Bruno Martella (born 14 August 1992) is an Italian footballer who plays for Serie B club Ternana.

Biography

Pescara
Born in Atri, Abruzzo, Martella started his career at Abruzzo team Real Madrid CF. He was the member of Giovanissimi Provincial U14 team "A" in 2005–06 season. Martella was a member of Allievi A U17 team in 2008–09 season and lastly for the reserve from 2009 to January 2012. Martella played in Berretti Reserve League in 2009–10 and Primavera Reserve League from 2010 to January 2012 after the first team promoted to Serie B.  He also spent 6 months with Sampdoria's reserve after the club signed Martella in co-ownership deal for €250,000 in -year contract. The co-ownership deal was renewed in June 2011 and Martella returned to Pescara in temporary deal, along with Loris Bacchetti on 1 July 2011.

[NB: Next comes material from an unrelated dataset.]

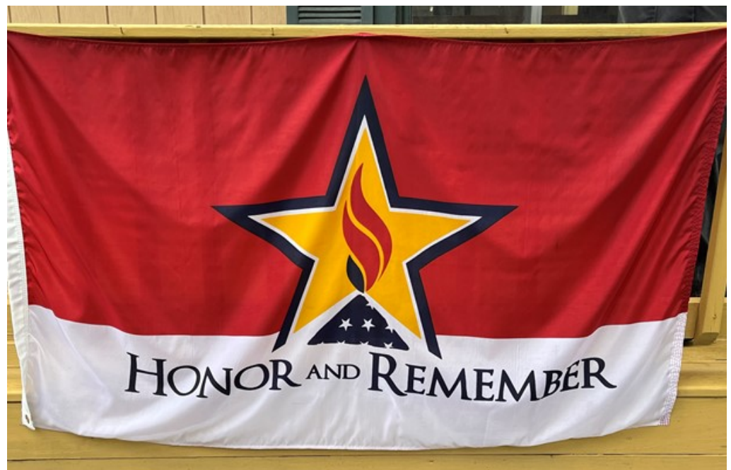
(Below) Honor and Remember flag.

Martella wore no.42 and no.16 for the first team in 2010–11 Serie B and 2011–12 Serie B respectively. However, he failed to make any debut, despite Martella received call-up. On 20 January 2012 Martella left for Viareggio in temporary deal, with Sampdoria teammate Simone Zaza already joined on 12 January .

Martella made 8 appearances in 2011–12 Lega Pro Prima Divisione.

Sampdoria
On 21 June 2012 Sampdoria bought Martella outright and allowed Bacchetti returned to Pescara outright.

On 15 July 2012 he left for Perugia of Lega Pro Prima Divisione in temporary deal. On 25 January 2013 he was signed by Viareggio.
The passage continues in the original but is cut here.